Tuesday, April 12, 2011

Time equals Change

When I was young up until College years, I used to smile a lot and laugh a lot. When I was about to turn 25, I started feeling depressed about my life and do not know what to do. I recovered from it though, after a year. When I reached 27, year 2007, the year my Tita Lorna died, I started to feel lonely and sad. I think, I have recovered from it after two years. It was really a very slow process because I love my Tita Lorna as much as I love my parents, Lola Coring, my brother, niece and Brian. Losing someone you love really kills a part of yourself. Moving on...I didn't actually noticed the year 2009 and 2010 pass by because of busy schedule at work. I never even realized that I was about to turn 30 last 2010. But now, its 2011...I am becoming more serious about a lot of things...also confused with a lot of things. I am in my early 30s now...starting to have white hair and even losing some hair, hahahaha. I feel like, I need to change and concentrate more about myself. I no longer have much time for night outs unlike when I was still in my 20's. I seldom see a movie unlike when I was still in mid 20's...had watched movies more than 3 times in a month. Things really change when you grow old. There has to be a progress...maybe not so much about monetary but wisdom. I have learned a lot from my past experiences and those made me who I am now and what I am now. I hope I would still continue to gain more wisdom...

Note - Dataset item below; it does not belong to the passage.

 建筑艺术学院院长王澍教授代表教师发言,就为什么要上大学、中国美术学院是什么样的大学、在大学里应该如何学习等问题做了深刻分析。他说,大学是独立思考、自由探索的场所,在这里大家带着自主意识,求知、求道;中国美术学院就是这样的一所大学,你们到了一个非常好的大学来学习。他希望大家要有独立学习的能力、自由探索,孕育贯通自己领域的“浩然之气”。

another nonsense blog from me...just sharing.

Sunday, April 3, 2011

whatever comes out...

It's really been a long time since I last checked my blog and even posted something here. For the past years, I have experienced a lot of things...good and bad. I cried a lot when I left my former store in Intramuros...its as if leaving a family that has been there for you through thick and thin. But I had to move on. I had to leave the bad memories but never forget the good ones. I miss those people who always made me smile...who I trusted and respected so much. If only I could turn back time, I would still stay with you guys and enjoy working with you all (you know who you are!)

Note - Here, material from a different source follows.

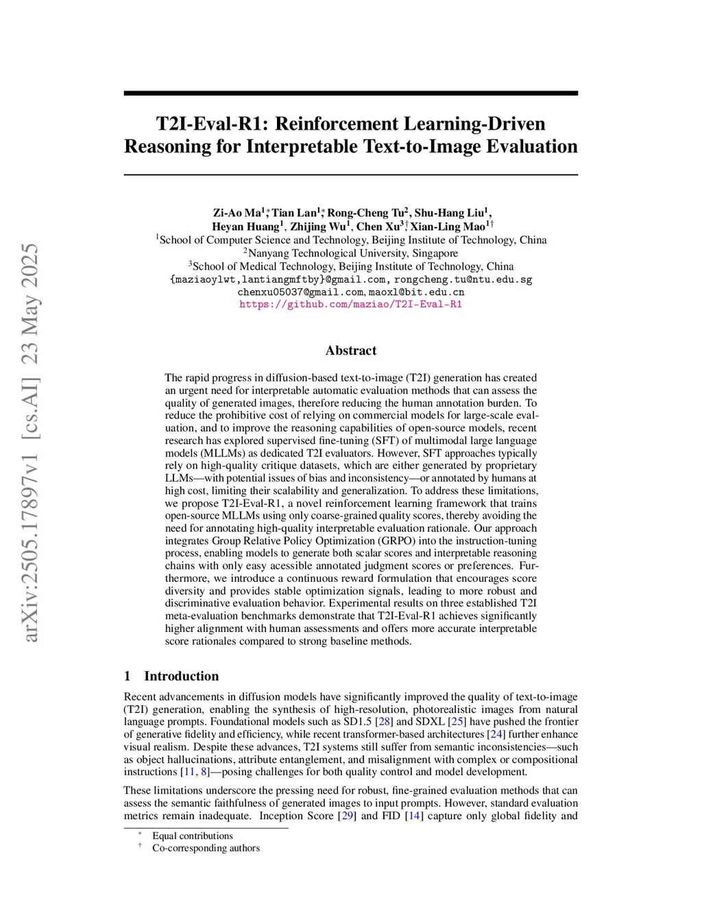 The rapid progress in diffusion-based text-to-image (T2I) generation has created an urgent need for interpretable automatic evaluation methods that can assess the quality of generated images, therefore reducing the human annotation burden. To reduce the prohibitive cost of relying on commercial models for large-scale evaluation, and to improve the reasoning capabilities of open-source models, recent research has explored supervised fine-tuning (SFT) of multimodal large language models (MLLMs) as dedicated T2I evaluators. However, SFT approaches typically rely on high-quality critique datasets, which are either generated by proprietary LLMs-with potential issues of bias and inconsistency-or annotated by humans at high cost, limiting their scalability and generalization. To address these limitations, we propose T2I-Eval-R1, a novel reinforcement learning framework that trains open-source MLLMs using only coarse-grained quality scores, thereby avoiding the need for annotating high-quality interpretable evaluation rationale. Our approach integrates Group Relative Policy Optimization (GRPO) into the instruction-tuning process, enabling models to generate both scalar scores and interpretable reasoning chains with only easy accessible annotated judgment scores or preferences. Furthermore, we introduce a continuous reward formulation that encourages score diversity and provides stable optimization signals, leading to more robust and discriminative evaluation behavior. Experimental results on three established T2I meta-evaluation benchmarks demonstrate that T2I-Eval-R1 achieves significantly higher alignment with human assessments and offers more accurate interpretable score rationales compared to strong baseline methods.

Moving on...I am in a new store now...somewhere in Makati. I have a new family. They are all nice to me and were able to at least accept me for who I am and what I am. I have been there since October 11th, 2010. It will be my 6th month this coming April 11th. Time is really so fast. I've seen a lot of people come and go in the store...most especially the crew whom I had fun working with. That's why I keep on sticking to the job I have...its fulfilling and gratifying.

But I am getting old now...turning 31 this coming October. I still haven't achieved what I wanted to achieve. Well, actually, I don't even know what I really want to achieve...that's one big problem though. Anyways, I just wish that someday and somehow, I will be a lot happier than before.